Given vectors 𝐀, 𝐁, and 𝐂, where
𝐀 has components one, five, negative five; 𝐁 has components two, four, three; and
𝐂 has components zero, five, negative four, find the scalar triple product of 𝐀,
𝐁, and 𝐂.
We’re asked to calculate the scalar
triple product of vectors 𝐀, 𝐁, and 𝐂. And we know that this is equivalent
to calculating the determinant of the matrix consisting of the components of the
three vectors as shown. So with our vectors 𝐀, 𝐁, and 𝐂,
we want to find the determinant of the matrix whose first line consists of the
components of vector 𝐀, whose second line has components of vector 𝐁, and whose
third line has the components of vector 𝐂.
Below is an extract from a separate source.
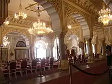 This is the main hall of audience. It is a large room with two thrones at the centre, a set of chairs around, as if in a durbar setting. On the walls of the halls are large format paintings of the Maharajas of Jaipur, a large picchwai (a backdrop for a shrine), large paintings depicting the colourful festival of holi, and a pair of paintings featuring spring and summer (possibly made in the Deccan). On display, you can also see military medals and polo trophies, marking the achievements of the rulers. The room is opulent in its decoration, with murals, and chandeliers. The current closed arches, on which the Holi paintings, and the Spring and Summer portrait hang, were closed in the recent times. Photos from the reign of Man Singh II, of the court in attendance, Lord and Lady Mountbatten's visit, line the corridor leading out to the Sarvato Bhadra courtyard.

And remember to calculate the
determinant of a three-by-three matrix using the first row as our pivot, we take the
first top-left element 𝐀 𝑥 and multiply this by the determinant of the two-by-two
matrix in the bottom-right corner. We then take the negative of the
second element in the top row and multiply this by the determinant shown. And finally, we add the third
element in the top row, multiply it by the determinant formed by the four elements
in the bottom-left-hand corner.
In our case, this translates into
one times the two-by-two matrix with elements four, three, five, negative four minus
five times the determinant of the matrix with elements two, three, zero, and
negative four plus a negative five times the determinant of the two-by-two matrix
with elements two, four, zero, five. And now remembering that the
determinant of a two-by-two matrix with elements 𝑎, 𝑏, 𝑐, 𝑑 is 𝑎𝑑 minus 𝑏𝑐,
we have one times four times negative four minus three times five minus five times
two times negative four minus three times zero minus five again times two times five
minus four times zero.
That is one times negative 16 minus
15 minus five times negative eight minus zero minus five times 10 minus zero. Evaluating this gives us negative
31 plus 40 minus 50, which is negative 41. The scalar triple product of
vectors 𝐀, 𝐁, and 𝐂 is therefore negative 41.